### What you need to do
In the data below, find the line containing "接下来再看一下,变频器辅助输"; transcribe it and each line after it exactly, through the last, skipping pictures.

### Data shown
%%

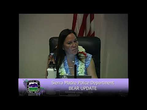 Council members praised volunteer outreach by Bear Lovers of Sierra Madre and described residents' mitigation efforts—such as installing window grates or bars—to prevent break-ins. They also said the city has limited authority over wildlife removal, which Fish and Wildlife regulates, and discussed pressing state officials for additional staffing and funding. Council members announced plans for a follow-up public update in August, a mayoral workshop of neighboring cities on Aug. 8 to coordinate regional response and funding, and a request to add a standing agenda item on bears to future meetings.
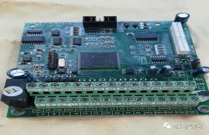 接下来再看一下,变频器辅助输出的两路直流电源经常出现的典型故障。当下绝大部分变频器在主控板辅助端子排上通常都会提供两种输出电压等级和模式的电源:+10V-GND;+24V-COM。其中+10V-GND为模拟量信号电源;+24V-COM为数字量信号电源(多数情况下GND同COM在变频器内部是相互隔离的)。虽说这两种电源之间用途有所区别,但两者均有一个共同点——最大输出电流都十分有限,也就30/50mA!可一些用户对此不管不顾,用来拖动触摸屏、文本编辑器、PLC扩展单元,甚至是MY系列直流继电器等!如此一来,轻则造成变频器辅助直流电源过载,影响变频器主控板的正常运行;重则直接导致有关线路损坏!为此在实际情况中,合理使用变频器提供的两路辅助电源也是广大电工同行应该注意的。
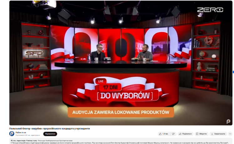Найбільше ж переглядів на каналі має відео “Польський блогер “вирубив” проросійського кандидата у президенти“. У ньому йдеться про те, що під час ефіру на каналі Zero ведучий Кшиштоф Становський запитав політика Мацея Мацяку, чи він захоплюється Путіним. Гість відповів, що поважає, як і інших людей. У результаті політик залишився сам у студії з вимкненим мікрофоном.

%%

### Output for this exercise
 接下来再看一下,变频器辅助输出的两路直流电源经常出现的典型故障。当下绝大部分变频器在主控板辅助端子排上通常都会提供两种输出电压等级和模式的电源:+10V-GND;+24V-COM。其中+10V-GND为模拟量信号电源;+24V-COM为数字量信号电源(多数情况下GND同COM在变频器内部是相互隔离的)。虽说这两种电源之间用途有所区别,但两者均有一个共同点——最大输出电流都十分有限,也就30/50mA!可一些用户对此不管不顾,用来拖动触摸屏、文本编辑器、PLC扩展单元,甚至是MY系列直流继电器等!如此一来,轻则造成变频器辅助直流电源过载,影响变频器主控板的正常运行;重则直接导致有关线路损坏!为此在实际情况中,合理使用变频器提供的两路辅助电源也是广大电工同行应该注意的。
Найбільше ж переглядів на каналі має відео “Польський блогер “вирубив” проросійського кандидата у президенти“. У ньому йдеться про те, що під час ефіру на каналі Zero ведучий Кшиштоф Становський запитав політика Мацея Мацяку, чи він захоплюється Путіним. Гість відповів, що поважає, як і інших людей. У результаті політик залишився сам у студії з вимкненим мікрофоном.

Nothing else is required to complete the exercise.